Records drawn from a dataset
=======
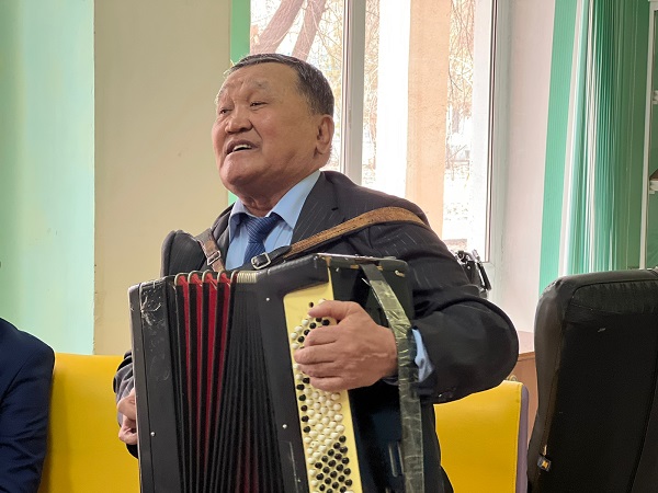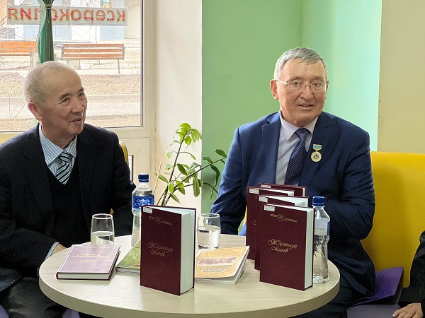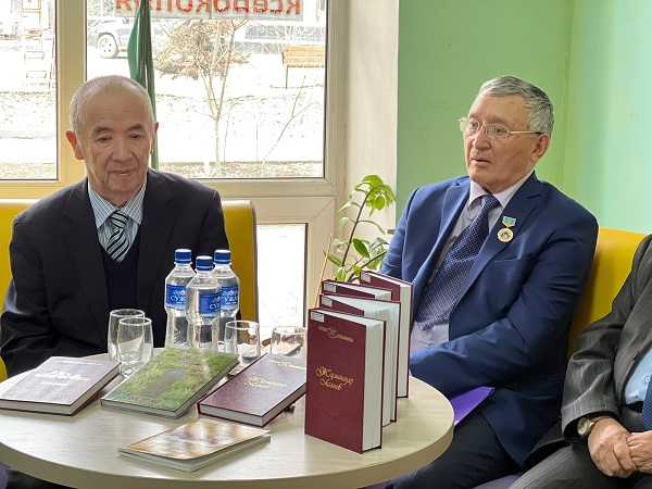 Гости меропрятия - доктор филологических наук Асанов Жубаназар и друг поэта певец, музыкант, почетный учитель Сатыбаев Мукан.
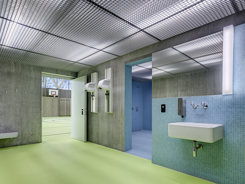 Die neue Turnhalle setzt sich westseitig zu den zwei Schulhäusern und schafft ein neues baukörperliches Gleichgewicht zwischen sich und dem Bestand. Der Pausenbereich wird dreiseitig von Schul- und Sportnutzung gesäumt und erhält mit dem Eingriff eine adäquate zentrale Bedeutung für das Schulgelände. Das leichte Ausdrehen des Hallenneubaus und die volumetrische Ausformulierung des flachgeneigten Daches akzentuieren den Eingang zum Turnen und schaffen gleichzeitig Voraussetzung für die bisher fehlende räumliche Verbindung zum Aussensportbereich der Anlage. Die innere Organisation der Turnhalle profitiert vom natürlichen Geländeverlauf und verbindet im Innern das obere Pausen- und Eingangsniveau über einen tribünenähnlichen Erschliessungsbereich mit Sportplatzniveau und eigentlicher Hallennutzung. Zudem wird sowohl über die innere und äussere Schnittlösung als auch über die angebotenen Zugänglichkeiten die Nutzungsflexibilität erhöht und die zentrale Rolle der Turnhalle im Gebrauch gestärkt. Vergleichbar zur vorliegenden Wettbewerbsaufgabe, kann mit dem Neubau ein neue Identität geschaffen werden und unter Einbezug einer punktuellen Bereinigung der Umgebungsgestaltung wesentlich zur Aufwertung der Gesamtschulanlage beigetragen werden.
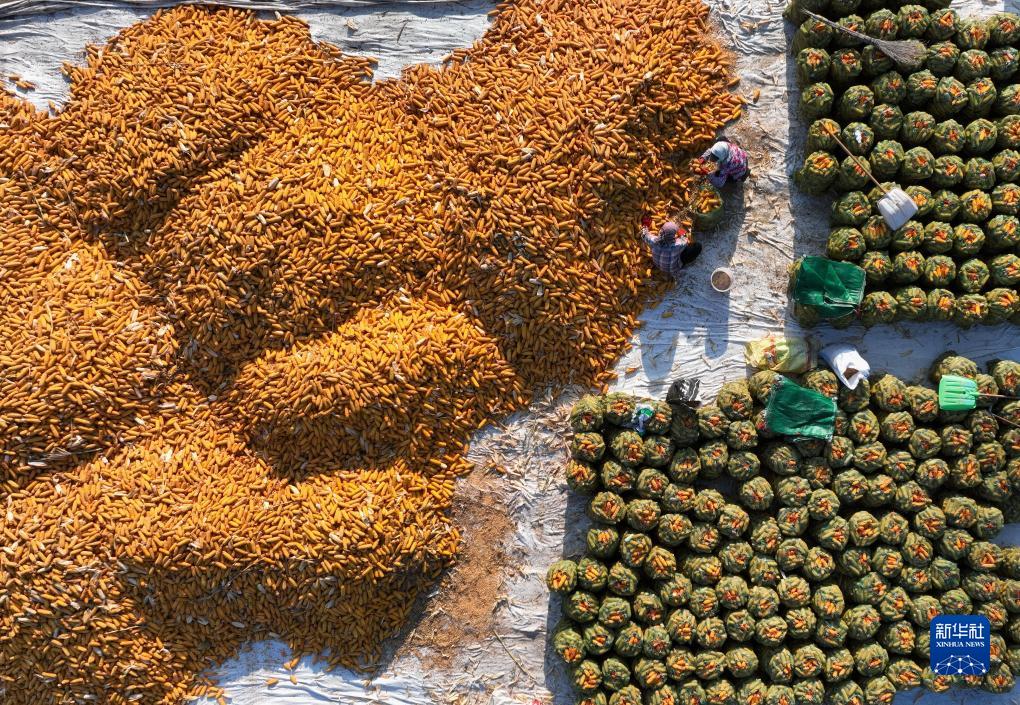 10月18日,唐山市豐南區王蘭莊鎮的農民將收獲的玉米裝袋、儲存(無(wú)人機照片)。
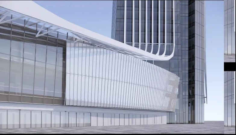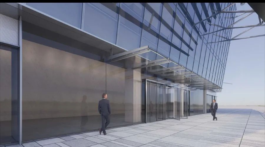 雨棚:雨棚梁在玻璃上方,玻璃面接近人,而鋼結(jié)構(gòu)被擋在上方,整個(gè)雨棚更為干凈整潔,大堂入口極窄邊框設(shè)計(jì),超大玻璃板塊運(yùn)營(yíng),增加通透感。
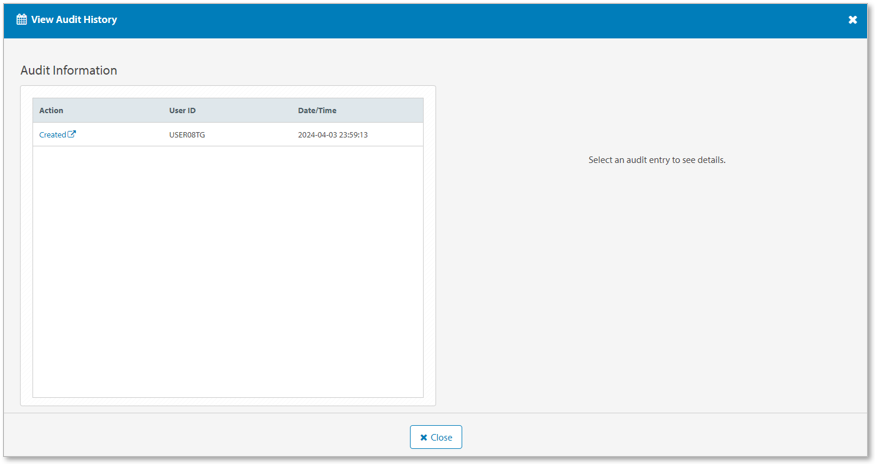 「監査履歴の表示」ポップアップウィンドウが表示され、管理者が承認パネルに対して実行したアクションが表示されます。アクションのハイパーリンクをクリックすると、イベント履歴情報が表示されます。
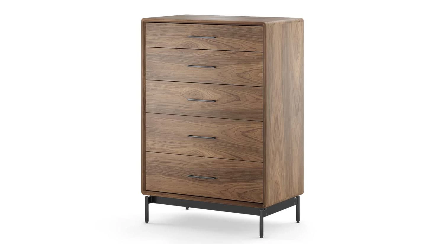 The Linq 5 Drawer Chest stands tall and sturdy, showing off a modern design that’s both practical and attractive. Each drawer opens up one at a time and offers ample space so you can keep your clothing organized and easily find what you need while getting ready. Features like sleek handles and smooth, rounded edges give this chest an understated elegance that goes beautifully in any bedroom.
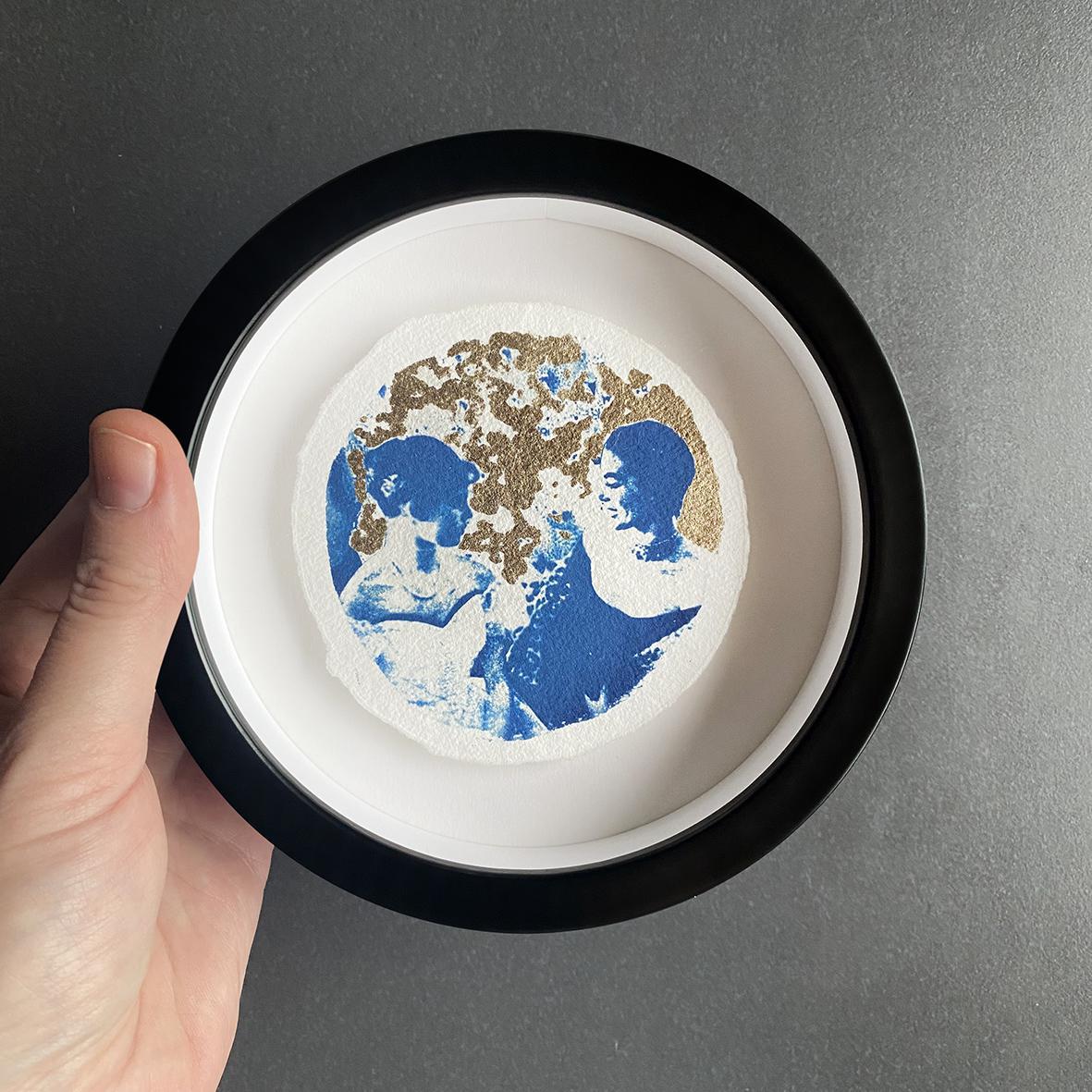 Cyanotype, handmade paper, 22-carat moon gold leaf
=======
Once the pictures are set aside, copy the remaining text of every entry exactly.

 Гости меропрятия - доктор филологических наук Асанов Жубаназар и друг поэта певец, музыкант, почетный учитель Сатыбаев Мукан.
 Die neue Turnhalle setzt sich westseitig zu den zwei Schulhäusern und schafft ein neues baukörperliches Gleichgewicht zwischen sich und dem Bestand. Der Pausenbereich wird dreiseitig von Schul- und Sportnutzung gesäumt und erhält mit dem Eingriff eine adäquate zentrale Bedeutung für das Schulgelände. Das leichte Ausdrehen des Hallenneubaus und die volumetrische Ausformulierung des flachgeneigten Daches akzentuieren den Eingang zum Turnen und schaffen gleichzeitig Voraussetzung für die bisher fehlende räumliche Verbindung zum Aussensportbereich der Anlage. Die innere Organisation der Turnhalle profitiert vom natürlichen Geländeverlauf und verbindet im Innern das obere Pausen- und Eingangsniveau über einen tribünenähnlichen Erschliessungsbereich mit Sportplatzniveau und eigentlicher Hallennutzung. Zudem wird sowohl über die innere und äussere Schnittlösung als auch über die angebotenen Zugänglichkeiten die Nutzungsflexibilität erhöht und die zentrale Rolle der Turnhalle im Gebrauch gestärkt. Vergleichbar zur vorliegenden Wettbewerbsaufgabe, kann mit dem Neubau ein neue Identität geschaffen werden und unter Einbezug einer punktuellen Bereinigung der Umgebungsgestaltung wesentlich zur Aufwertung der Gesamtschulanlage beigetragen werden.
 10月18日,唐山市豐南區王蘭莊鎮的農民將收獲的玉米裝袋、儲存(無(wú)人機照片)。
 雨棚:雨棚梁在玻璃上方,玻璃面接近人,而鋼結(jié)構(gòu)被擋在上方,整個(gè)雨棚更為干凈整潔,大堂入口極窄邊框設(shè)計(jì),超大玻璃板塊運(yùn)營(yíng),增加通透感。
 「監査履歴の表示」ポップアップウィンドウが表示され、管理者が承認パネルに対して実行したアクションが表示されます。アクションのハイパーリンクをクリックすると、イベント履歴情報が表示されます。
 The Linq 5 Drawer Chest stands tall and sturdy, showing off a modern design that’s both practical and attractive. Each drawer opens up one at a time and offers ample space so you can keep your clothing organized and easily find what you need while getting ready. Features like sleek handles and smooth, rounded edges give this chest an understated elegance that goes beautifully in any bedroom.
 Cyanotype, handmade paper, 22-carat moon gold leaf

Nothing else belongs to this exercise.